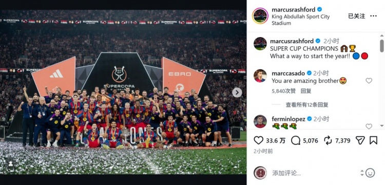 这是拉什福德加盟巴萨以来赢得的首个冠军,他在社交媒体上晒出全队与奖杯的合照,配文:“西超杯冠军!多么完美的新年开局!”
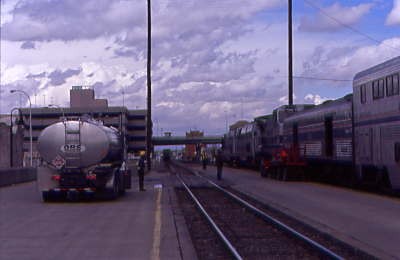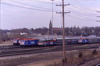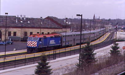 At Aurora, a Metra train waited for its departure back to Chicago.
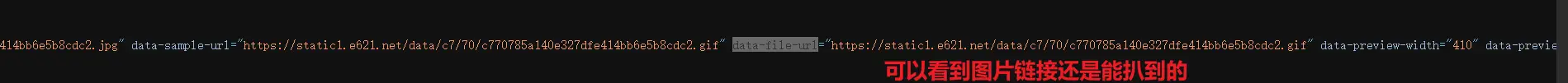 众所周知,这种页面的图片肯定是循环堆砌相同元素呈现的,也就是只要用上面的正则匹配一下,就能获得这个页面的所有地址
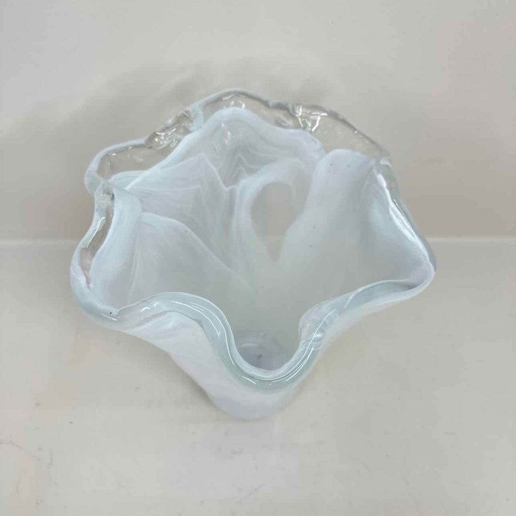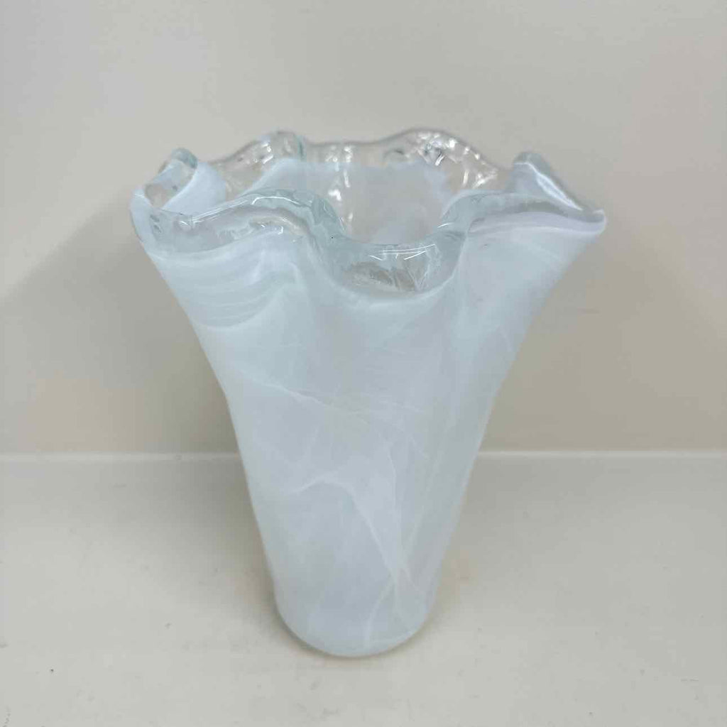 Italian Hand Blown White Glass Vase - 11" Tall x 8" Wide
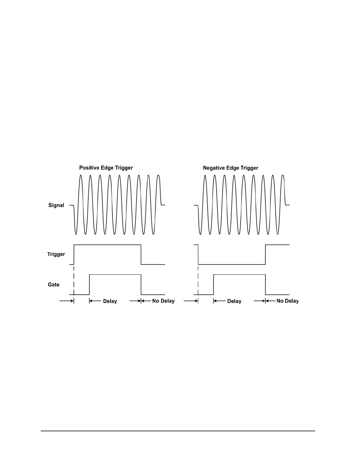 edge of the trigger signal while the right diagram shows negative edge triggering.
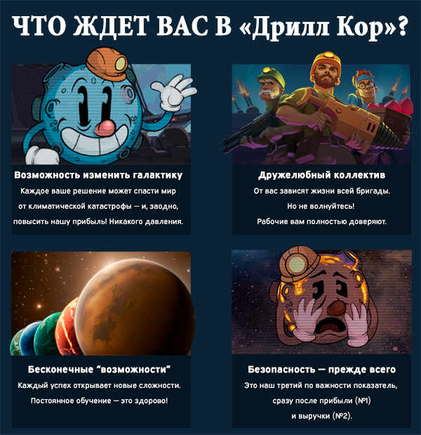 В «Дрилл Кор» мы не просто добываем полезные ископаемые — мы защищаем будущее! Нам нужны стратегически мыслящие и находчивые лидеры, которые будут управлять нашими передовыми проектами. Сможете проявить себя в гонке
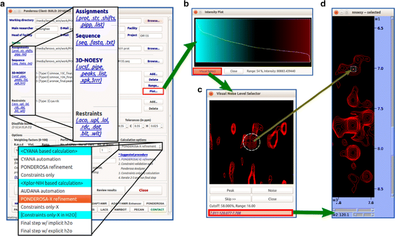 Ponderosa Client supports several formats and settings for structure calculation. a Ponderosa Client accepts several types of input including NOE (raw spectra: .ucsf, .pipe; peak list: .peaks, .list, .xpk, 3rrr), RDC (.rdc), and SAXS (.dat) for Xplor-NIH based structural calculations. b The optimized noise threshold for NOESY peak picking is determined automatically by Intensity Plot, which ranks the intensities of NOE peaks and uses an r −6 (r: distance between two protons) approach to estimate the intensity corresponding to the 5.5 Å cutoff (blue robust range, black mixture of real peaks and noise, red noise range). c Alternatively, the user can employ the Visual Select tool to determine the noise level. This tool randomly selects a position where the chemical shift assignments suggest that a peak should be found, and the user decides whether the signal is a real peak or noise. d The Visual Select tool is integrated with NMRFAM-SPARKY for better decision making. Clicking the peak position in the Visual Select tool enables the user to navigate (two-letter-code up) to the position of the peak in a spectrum displayed by NMRFAM-SPARKY
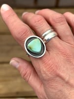 Gorgeous, high-domed Royston Turquoise, sterling and fine silver. (Bezel appears loose around stone in pic due to not yet being sized***)
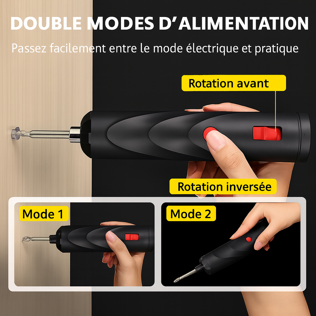 Découvrez l’équilibre idéal entre puissance et maîtrise grâce à la double fonction électrique et manuelle. Utilisez le mode électrique pour un vissage ultra-rapide en quelques secondes, puis passez instantanément au mode manuel pour un contrôle précis lors des travaux délicats. Son commande intuitive avec bouton de marche arrière unique permet de changer facilement de direction sans abîmer les vis.
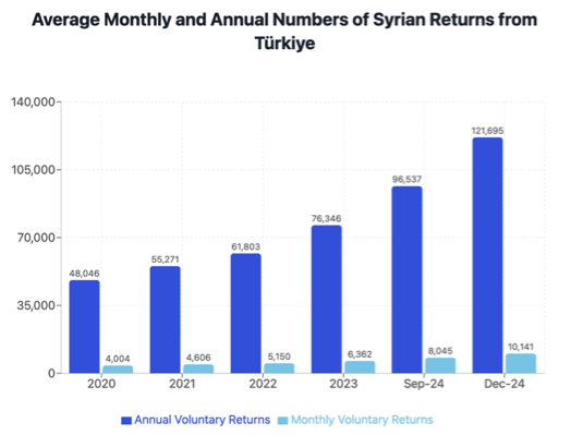 Figure 1: Average monthly and annual numbers of Syrian returnees from Türkiye, Source: AHaber (September 2024) & TBMM (December 2024)
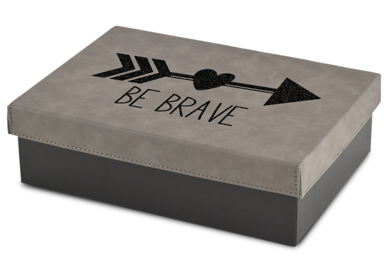 These gift boxes are available in 3 different sizes to accommodate various sized gifts. Available in gray as a neutral color for any occasion as well as to showcase your design boldly. Engraved with a laser this high quality paper board and faux leather gift box is unique and makes any gift stand out.
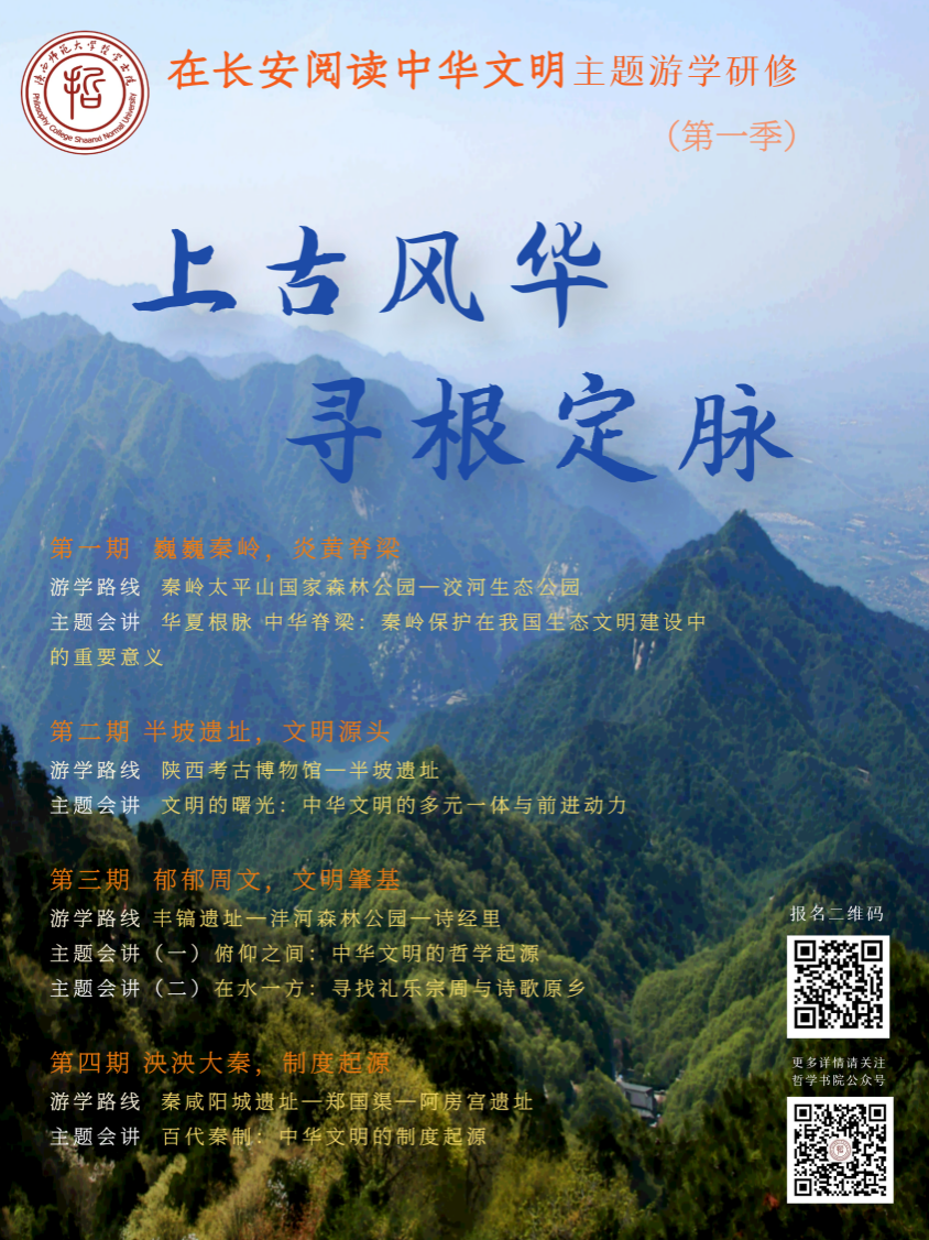 “在长安阅读中华文明”主题游学研修活动,文明为基,以时间为轴,带领学生穿越数千年长安,在周秦汉唐与现代中穿梭,阅读岁月里的文明,看这座城的古今交织,游这座城的大街小巷,品这座城的人文烂漫,感受这座城的沉厚与轻盈,在这座城见证中华文明的璀璨、辉煌与复兴。研修活动拟进行四季,历时两年。第一季将围绕先周大秦,第二季围绕大汉大唐,第三季围绕宋元明清,第四季围绕古都魅力与现代化都市。活动旨在用走读的方式,在教师的带领下,通过主题会讲和游学研修的形式,触摸历史、探索人文、洞鉴古今,在“行走的课堂”中探寻中华文明的轨迹。
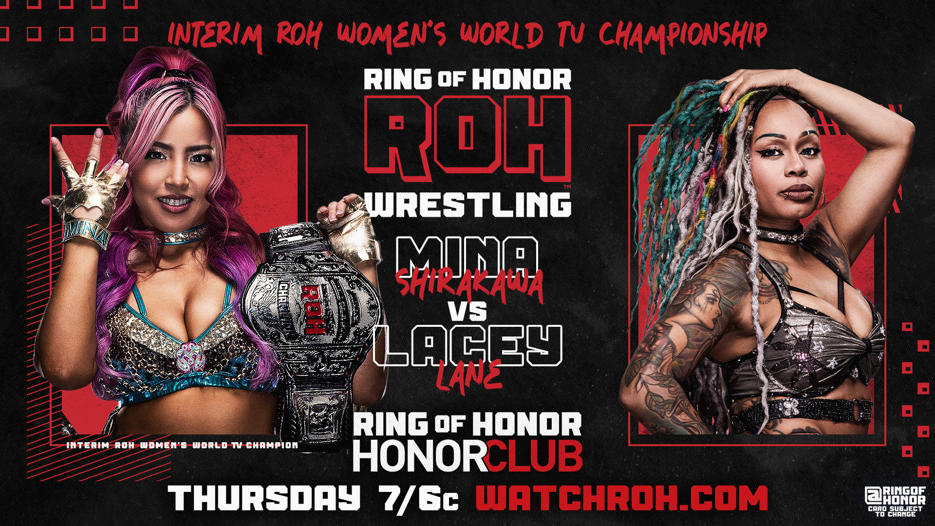 After unsuccessfully unseating AEW Women’s World Champion Kris Statlander on Wednesday’s AEW Dynamite, interim ROH Women’s TV Champion Mina Shirakawa will defend her title against the debuting Lacey Lane, formerly Kayden Carter in WWE.
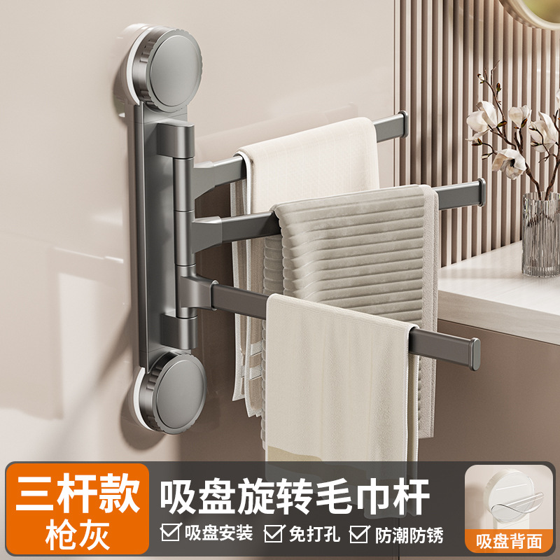 • 건 애쉬 흡입 컵 회전 수건 걸이 3개 막대
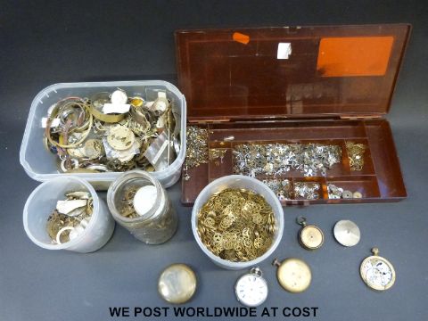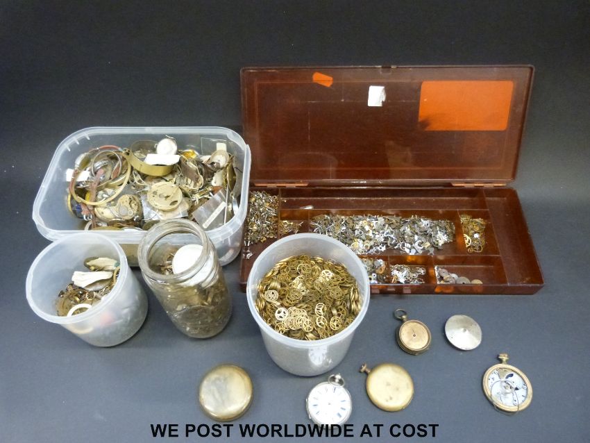 A large quantity of pocket and wristwatch parts including 'thousands' of new balance wheels and some silver parts.
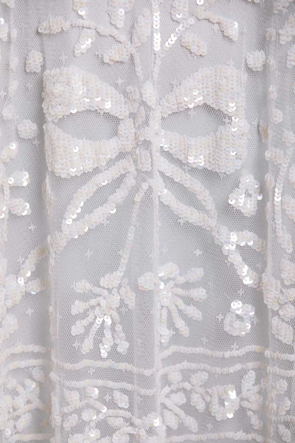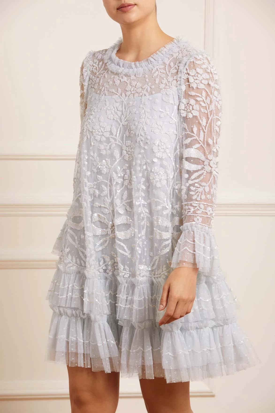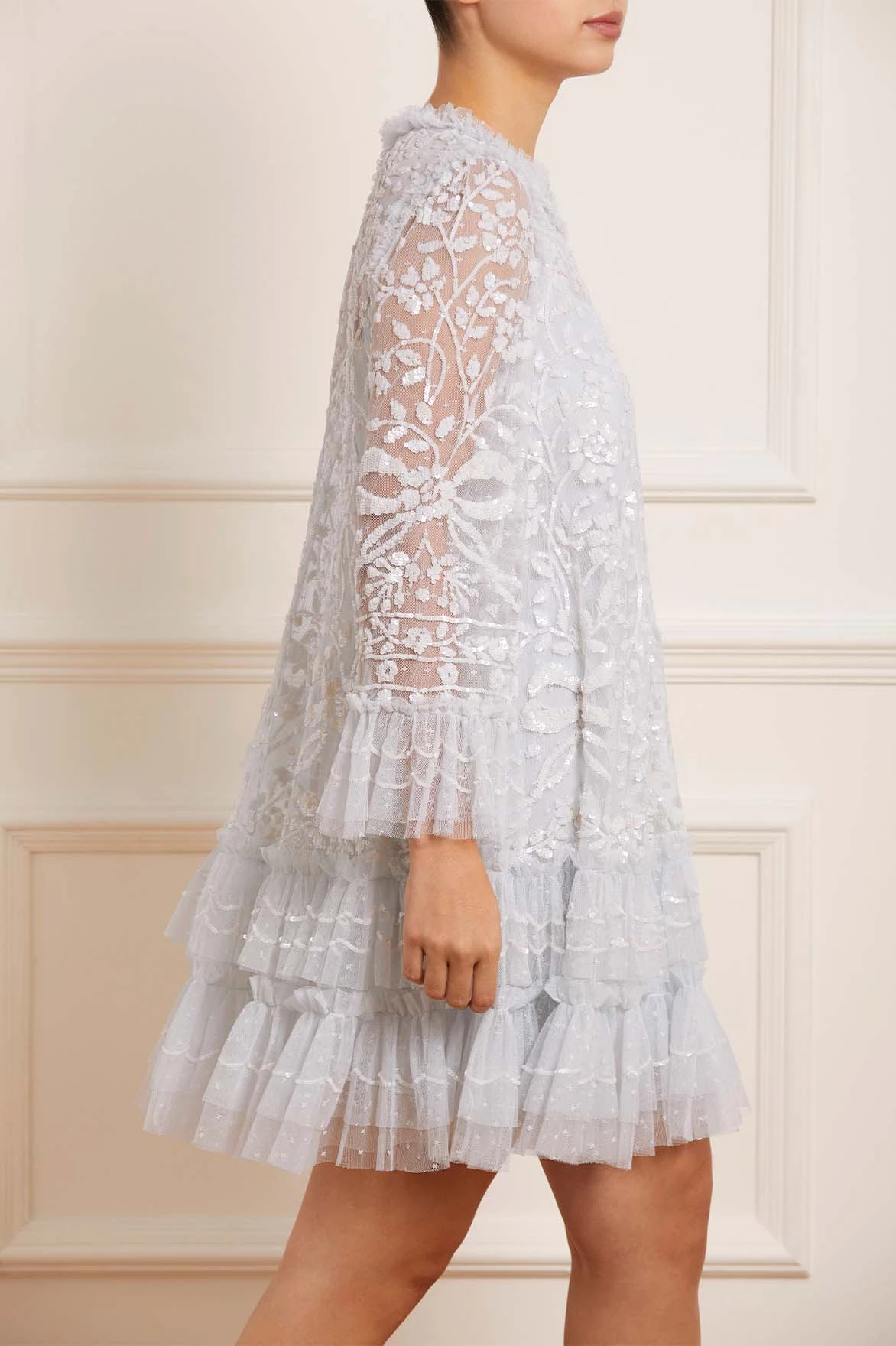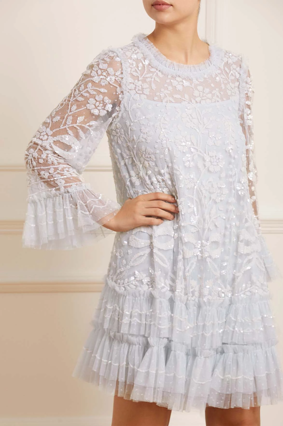 The Celia Long Sleeve Mini Dress in Ice Blue. This statement long sleeve dress is designed with romantic artwork featuring ornate florals, ribbon bows densely filled with shimmering ivory sequins and exquisite detailing. Crafted to produce an effortless, loose fit with soft, playful tulle frills on the hem and cuffs. A key piece in our collection.
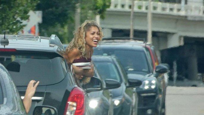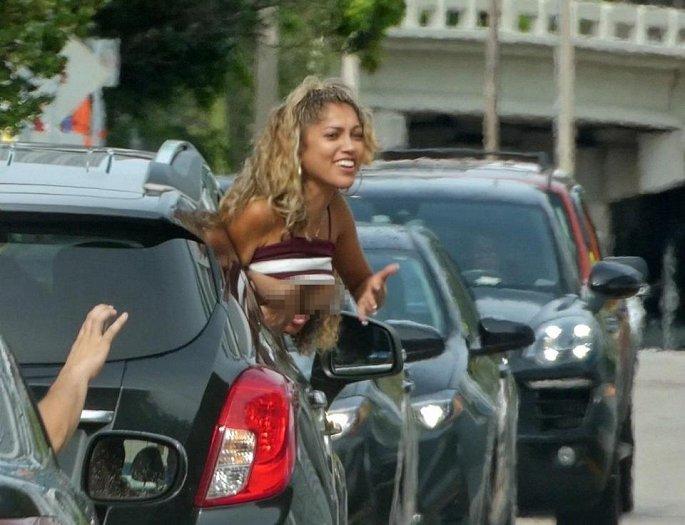 Cô gái bất chấp dòng người qua lại đông đúc, để lộ vòng 1 và gọi tên Beckham.

■ **Task brief**: Pictures are not part of the copy; output everything else in the records exactly.

■ **Result**:
 这是拉什福德加盟巴萨以来赢得的首个冠军,他在社交媒体上晒出全队与奖杯的合照,配文:“西超杯冠军!多么完美的新年开局!”
 At Aurora, a Metra train waited for its departure back to Chicago.
 众所周知,这种页面的图片肯定是循环堆砌相同元素呈现的,也就是只要用上面的正则匹配一下,就能获得这个页面的所有地址
 Italian Hand Blown White Glass Vase - 11" Tall x 8" Wide
 edge of the trigger signal while the right diagram shows negative edge triggering.
 В «Дрилл Кор» мы не просто добываем полезные ископаемые — мы защищаем будущее! Нам нужны стратегически мыслящие и находчивые лидеры, которые будут управлять нашими передовыми проектами. Сможете проявить себя в гонке
 Ponderosa Client supports several formats and settings for structure calculation. a Ponderosa Client accepts several types of input including NOE (raw spectra: .ucsf, .pipe; peak list: .peaks, .list, .xpk, 3rrr), RDC (.rdc), and SAXS (.dat) for Xplor-NIH based structural calculations. b The optimized noise threshold for NOESY peak picking is determined automatically by Intensity Plot, which ranks the intensities of NOE peaks and uses an r −6 (r: distance between two protons) approach to estimate the intensity corresponding to the 5.5 Å cutoff (blue robust range, black mixture of real peaks and noise, red noise range). c Alternatively, the user can employ the Visual Select tool to determine the noise level. This tool randomly selects a position where the chemical shift assignments suggest that a peak should be found, and the user decides whether the signal is a real peak or noise. d The Visual Select tool is integrated with NMRFAM-SPARKY for better decision making. Clicking the peak position in the Visual Select tool enables the user to navigate (two-letter-code up) to the position of the peak in a spectrum displayed by NMRFAM-SPARKY
 Gorgeous, high-domed Royston Turquoise, sterling and fine silver. (Bezel appears loose around stone in pic due to not yet being sized***)
 Découvrez l’équilibre idéal entre puissance et maîtrise grâce à la double fonction électrique et manuelle. Utilisez le mode électrique pour un vissage ultra-rapide en quelques secondes, puis passez instantanément au mode manuel pour un contrôle précis lors des travaux délicats. Son commande intuitive avec bouton de marche arrière unique permet de changer facilement de direction sans abîmer les vis.
 Figure 1: Average monthly and annual numbers of Syrian returnees from Türkiye, Source: AHaber (September 2024) & TBMM (December 2024)
 These gift boxes are available in 3 different sizes to accommodate various sized gifts. Available in gray as a neutral color for any occasion as well as to showcase your design boldly. Engraved with a laser this high quality paper board and faux leather gift box is unique and makes any gift stand out.
 “在长安阅读中华文明”主题游学研修活动,文明为基,以时间为轴,带领学生穿越数千年长安,在周秦汉唐与现代中穿梭,阅读岁月里的文明,看这座城的古今交织,游这座城的大街小巷,品这座城的人文烂漫,感受这座城的沉厚与轻盈,在这座城见证中华文明的璀璨、辉煌与复兴。研修活动拟进行四季,历时两年。第一季将围绕先周大秦,第二季围绕大汉大唐,第三季围绕宋元明清,第四季围绕古都魅力与现代化都市。活动旨在用走读的方式,在教师的带领下,通过主题会讲和游学研修的形式,触摸历史、探索人文、洞鉴古今,在“行走的课堂”中探寻中华文明的轨迹。
 After unsuccessfully unseating AEW Women’s World Champion Kris Statlander on Wednesday’s AEW Dynamite, interim ROH Women’s TV Champion Mina Shirakawa will defend her title against the debuting Lacey Lane, formerly Kayden Carter in WWE.
 • 건 애쉬 흡입 컵 회전 수건 걸이 3개 막대
 A large quantity of pocket and wristwatch parts including 'thousands' of new balance wheels and some silver parts.
 The Celia Long Sleeve Mini Dress in Ice Blue. This statement long sleeve dress is designed with romantic artwork featuring ornate florals, ribbon bows densely filled with shimmering ivory sequins and exquisite detailing. Crafted to produce an effortless, loose fit with soft, playful tulle frills on the hem and cuffs. A key piece in our collection.
 Cô gái bất chấp dòng người qua lại đông đúc, để lộ vòng 1 và gọi tên Beckham.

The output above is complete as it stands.